Can one become enlightened while being a family person?

One who follows the Noble Eightfold Path can enter the 'stream' leading to enlightenment and progress further in the spiritual path while leading an ordinary life. The life of a monk, free from responsibilities and toils of normal life will no doubt help the spiritual progress. The ancient texts describe many instances where lay persons have attained enlightenment at the time of the Buddha. Usually, such persons would have followed a path of spiritual development in their previous existences.

A person who has reached the final stages of enlightenment will no longer have any desire to continue in a domestic environment.

 

Q.



A.

How should a Buddhist handle emotions like being insulted or provoked to anger?
Does an enlightened person feel angry at all
?

Vippasana meditation develops awareness of thoughts such as anger or lustful desires when they arise. With practice, it will be possible to observe in a detached and objective manner these emotions as they rise and fall. By not reacting to these emotions as they arise, they will gradually dissipate and lose their power. It is important to realise this is not a case of suppressing emotion, which could lead to psychological problems. A fully enlightened being (an Arahant) has completely eradicated mental defilements such as anger, lust, ill will etc: such thoughts simply do not arise in him.

 

Q.


A.

How would you recognise an enlightened person? Are there any enlightened persons in the present day?

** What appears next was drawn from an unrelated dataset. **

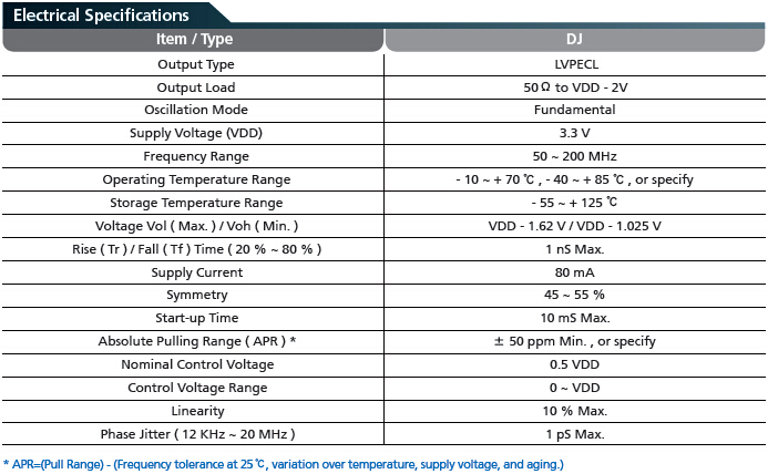 DJ,DR,3225mm有源晶振,壓控晶體振蕩器,TXC石英晶振,壓控晶體振蕩器(VCXO),基本解決方案,LVPECL輸出,輸出頻率50兆赫到200兆赫.優(yōu)秀的低相位噪聲和抖動,可用三態(tài)函數(shù),應用程序:SDH / SONET、以太網(wǎng)、基站,通過無鉛認證/ Pb免費.

There are no obvious outward signs, but one could observe that such a person remains calm under most hostile conditions, even when facing a life threatening situation. He will go about his tasks in a calm and mindful way. He will not get angry or desire wealth or social position, since unwholesome states of mind such as greed, hatred and delusion are completely absent in an Arahant.

There may well be enlightened persons existing today - most certainly a truly enlightened person will not divulge his achievements!